» **Exercise requirements**:
Starting at the line that contains "Sticker Rond Drôle", quote every line through the end of the entries, word for word, skipping the pictures.

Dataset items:
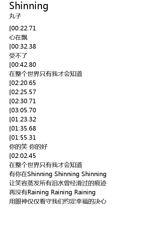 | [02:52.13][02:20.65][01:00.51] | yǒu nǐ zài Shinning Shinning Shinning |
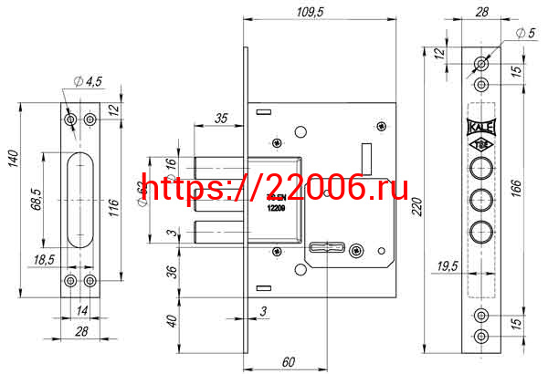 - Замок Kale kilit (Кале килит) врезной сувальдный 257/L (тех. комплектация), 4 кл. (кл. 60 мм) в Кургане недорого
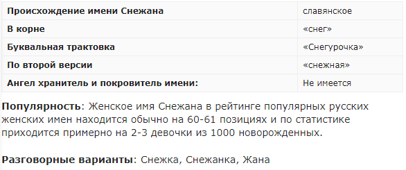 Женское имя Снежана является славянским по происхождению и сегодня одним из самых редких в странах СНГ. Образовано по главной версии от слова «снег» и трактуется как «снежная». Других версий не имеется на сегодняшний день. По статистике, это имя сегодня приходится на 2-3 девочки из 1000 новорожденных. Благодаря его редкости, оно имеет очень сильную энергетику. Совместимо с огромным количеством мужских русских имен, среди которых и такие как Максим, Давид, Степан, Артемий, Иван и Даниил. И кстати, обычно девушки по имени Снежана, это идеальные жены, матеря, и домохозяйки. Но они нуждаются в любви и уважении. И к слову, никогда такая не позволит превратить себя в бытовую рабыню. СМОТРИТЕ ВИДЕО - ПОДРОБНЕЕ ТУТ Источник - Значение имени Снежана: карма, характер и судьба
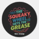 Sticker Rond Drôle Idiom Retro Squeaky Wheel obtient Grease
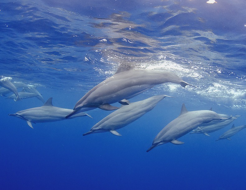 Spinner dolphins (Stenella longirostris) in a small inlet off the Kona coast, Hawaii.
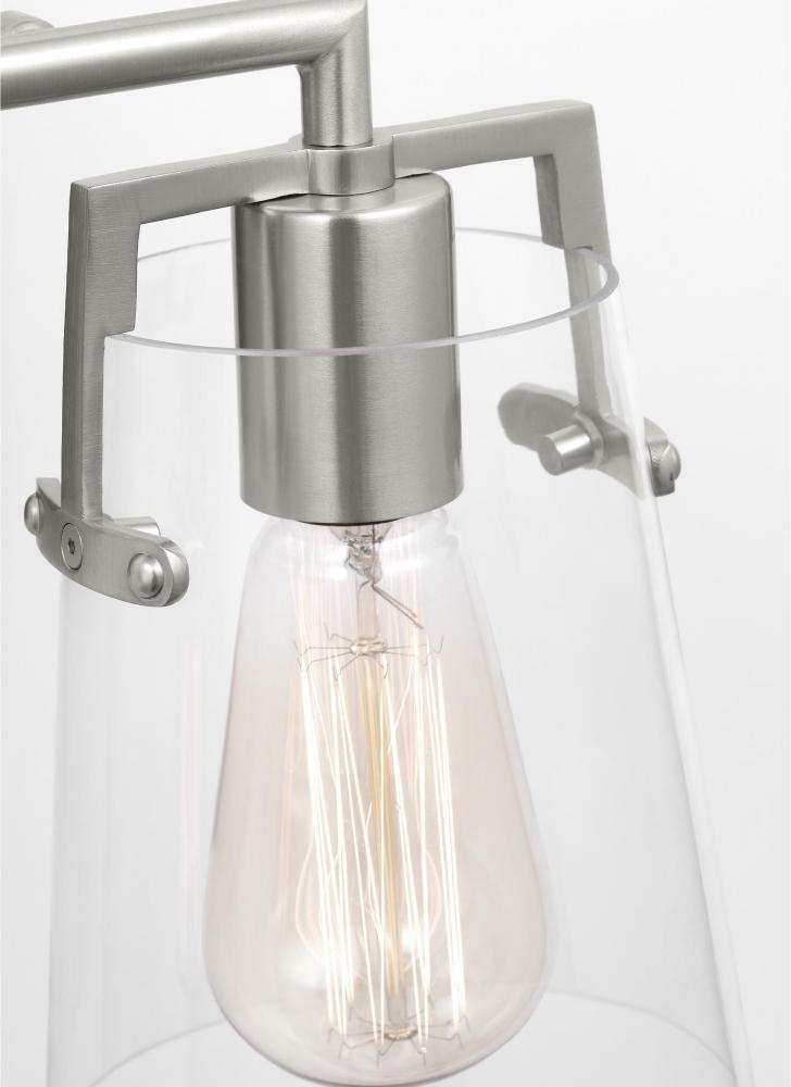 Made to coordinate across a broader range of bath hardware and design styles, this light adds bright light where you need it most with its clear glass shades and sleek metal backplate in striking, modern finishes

» **Response to the task**:
 Sticker Rond Drôle Idiom Retro Squeaky Wheel obtient Grease
 Spinner dolphins (Stenella longirostris) in a small inlet off the Kona coast, Hawaii.
 Made to coordinate across a broader range of bath hardware and design styles, this light adds bright light where you need it most with its clear glass shades and sleek metal backplate in striking, modern finishes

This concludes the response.